I.1.1. Agents primaires

Les agents primaires de la socialisation sont représentés par la famille et l'école en tant que facteurs jouant un rôle capital dans le processus de socialisation. Celles - ci constituent des cadres permanents favorisant l'insertion de l'individu dans les structures sociales environnantes. Castellan évoque l'interdépendance active entre la famille et le système sociétal. La famille semble être unifiée par un «système de valeurs et de normes comportementales qui sous-tendent conduites et attitudes» (1980, p. 50). La famille représente alors un terrain d'apprentissage, d'éducation et d'imprégnation des codes sociaux notamment du langage. Le rôle éducatif de la famille occupe une place éminente dans les travaux de Durkheim. Il en définit la finalité qui consiste à «faire l'être social» par un processus incessant d'efforts visant à «imposer à l'enfant des manières de voir, de sentir et d'agir auxquelles il ne serait pas spontanément arrivé» (Durkheim, 1988, pp. 99-100).

Quant à Moréno, il majore le rôle de la famille dans la construction sociale et affective de l'individu. La famille incarne «l'institution sociale qui contribue le plus à développer la sociabilité de l'homme et à donner sa forme propre à son besoin d'expansion affective» (1970, p. 194). Dans la famille, l'enfant acquiert la distinction entre les différents rôles sociaux et intériorise les normes et les valeurs familiales par l'intermédiaire du jeu. Les parents et la fratrie jouent un rôle de base dans la socialisation de l'enfant : les parents comme couple, la mère–nourricière, le père–loi ou la loi du père, les frères et les sœurs comme modèles ou comme complices contribuent tous à socialiser l'enfant. La contribution apparaît sous deux aspects : l'aspect conscient qualifié d'explicite et se définissant par l'apprentissage des normes, et l'aspect inconscient se basant sur l'imprégnation implicite (Montoussé & Renouard, 1997). L'essentiel de cette tâche consiste dans l'apprentissage de l'indépendance personnelle, loin d'une «aliénation» possible, voire d'une «soumission passive à l'invasion des autres» (Cooper, 1978).

L'habitat qui favorise cet univers affectif et social sera aussi «investi comme un lieu d'interaction sociale avec le monde extérieur» (Fischer 1992, p.148).Par l'accueil de la famille proche, des voisins et des amis, la demeure devient une ouverture sociale à travers laquelle s'installe un réseau d'échanges avec le «dehors» environnemental.
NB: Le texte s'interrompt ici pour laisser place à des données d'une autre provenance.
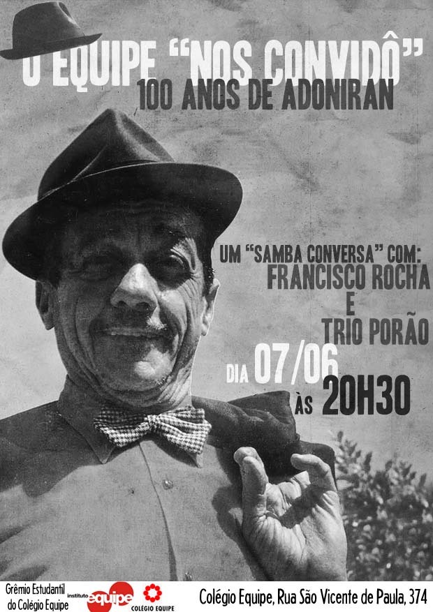 O Instituto Equipe Cultura e Cidadania e o Grêmio dos alunos do Colégio Equipe preparam para esta segunda-feira, 7, às 20h, um encontro para centenário do Adoniran Barbosa. O evento “O Equipe nos convidô: 100 anos de Adoniran” contará com a participação do professor Francisco Rocha, autor do livro “Adoniran, poeta da cidade”.

L'école prend le relais éducatif de la famille dont elle complète et renforce les choix sélectifs. Son rôle, comme instrument de socialisation, a été renforcé suite à la salarisation et à la technicité croissante des emplois. Son statut fait d'elle un lieu de transmission de la culture. Ainsi elle participe à l'élaboration du savoir et à la maîtrise des règles sociales. Elle contribue avec la famille à léguer aux jeunes «le capital culturel»(Bourdieu, 1987, p. 152).Le capital culturel est constitué du «langage, des connaissances culturelles, de la maîtrise des codes sociaux et des diplômes» (Montoussé & Renouard, 1997, p. 78).